Grand Southern Trunk Road (or) National Highways 45 is an arterial road in Tamil Nadu. It is also known as Chennai–Trichy Highway. The Road starts from Kathipara Junction in St Thomas Mount, Chennai towards Tiruchirappalli. It branches out from Anna Salai (previously known as Mount Road).

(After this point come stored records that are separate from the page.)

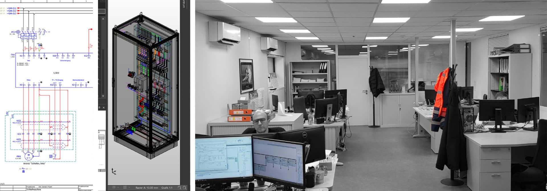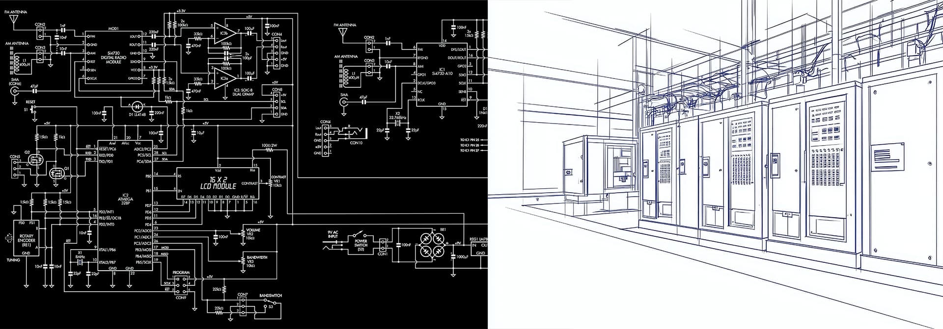 - Etude d’exécution avec réalisation de dossiers complets, note de calculs BT, schématique sous différents logiciels de DAO, bilan thermique, jusqu’au dossier conforme aux ouvrages exécutés (DOE).
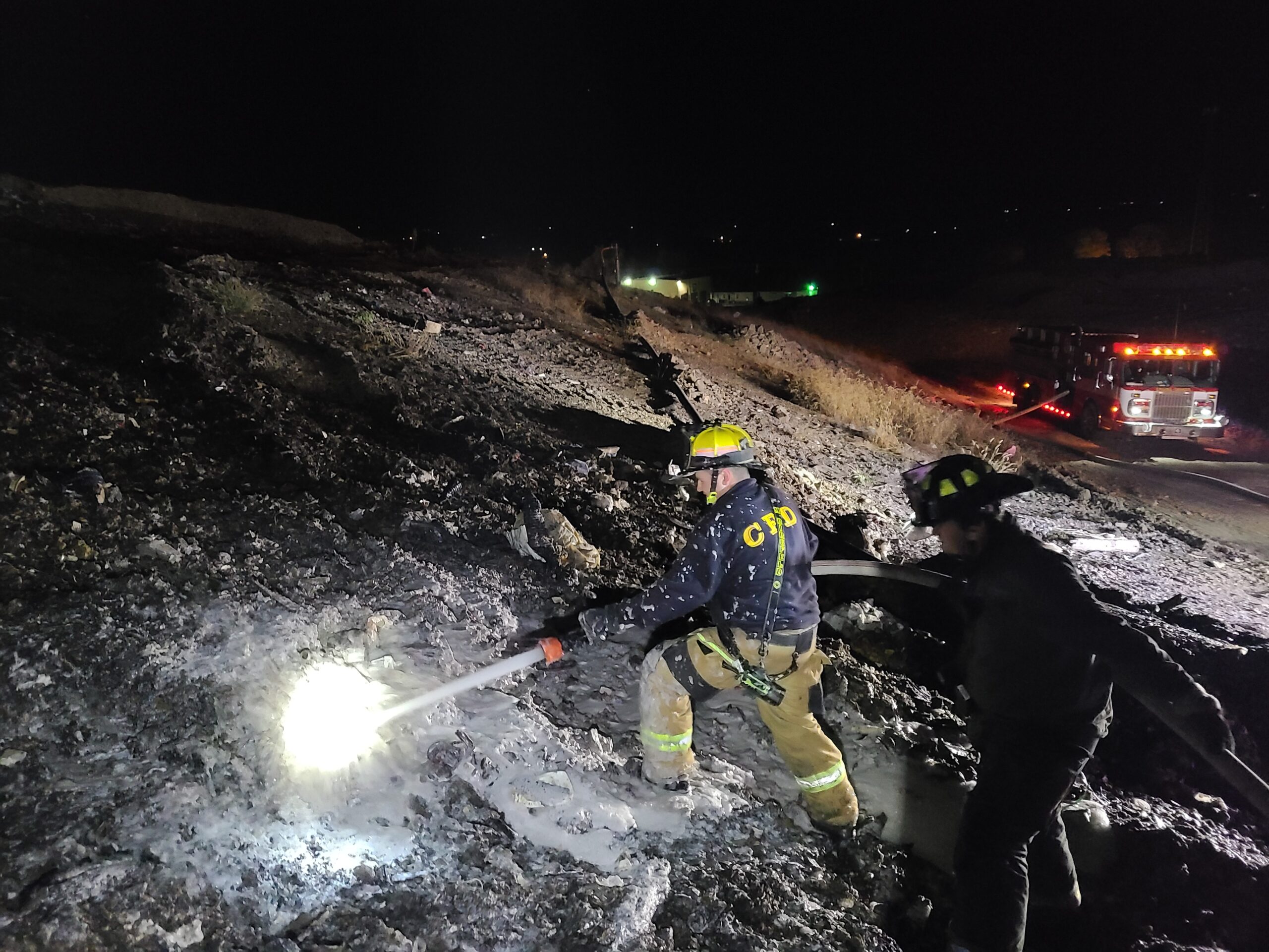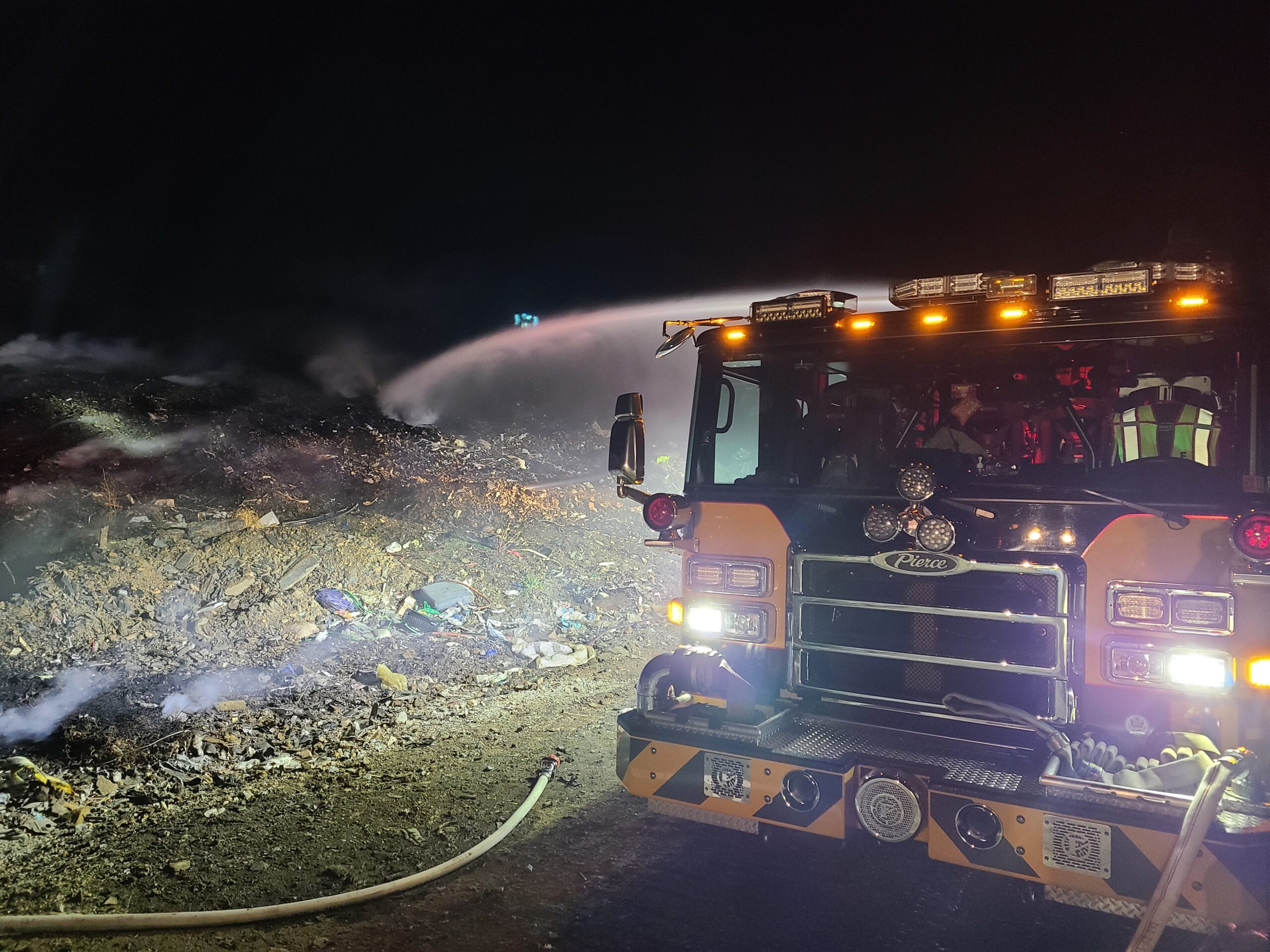 Shortly after 1030 PM units from Co. 9 were sent to Letzburg Rd for a Landfill on fire. Co. 9 units arrived, finding about a 100 foot by 200 foot area involved. Engine 1-1 was special requested to assist due to its foam capabilities. Engine 1-1 responded with 5 and on arrival was placed in position to attack the fire. Crews utilized the deck gun and a handline to assist with extinguishing the fire and laying a blanket of foam on the area. CFD crews operated for just under 4 hours until released by Command 9.
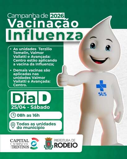 A Prefeitura de Rodeio segue com a campanha de vacinação contra a Influenza, protegendo a população e reforçando os cuidados com a saúde!
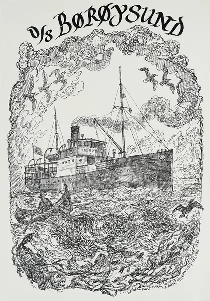 Dampskip Sjø fisker og robåt i forgrunnen fugler
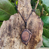 The pendant is attached to an thin ''ADJUSTABLE'' leather strap and is %100 handcrafted.

The Road runs through important localities like Meenambakkam, Pallavaram, Chrompet, Tambaram, Vandalur, Kilambakkam, Guduvanchery, Paranur, Chengalpattu, Madurantakam, Tindivanam, Villupuram, Vikravandi Ulundurpet and Perambalur.

Major Junctions
Chennai City
 Mount-Poonamallee Road near Kathipara Junction.
 Mount-Medavakkam High Road in St.Thomas Mount.
 Pallavaram-Kundrathur-Poonamallee Road (Pammal Main Road) in Pallavaram.
 Pallavaram-Thiruneermalai Road in Pallavaram.
 Pallavaram-Thuraipakkam Radial Road in Pallavaram.
 Chitlapakkam and Hasthinapuram Main Road near MIT Bridge Along GST Road.
 Gandhi Road in Tambaram.
 Velachery Main Road and Mudichur Road in Tambaram.
 Chennai Bypass Road in Irumbuliyur.
 Chennai Outer Ring Road in Vandalur.
 Vandalur-Kelambakkam Road in Vandalur.
 Guduvancheri Tiruporur
 Kotteripattu Near Tindivanam

Developments
 NHAI to repair Palar Bridge in Grand Southern Trunk Road near Chengalpattu. 
 Double Deck Structure proposed between Airport and Irumbuliyur along GST Road.
 NHAI set to rectify 18 accident-prone spots in GST Road.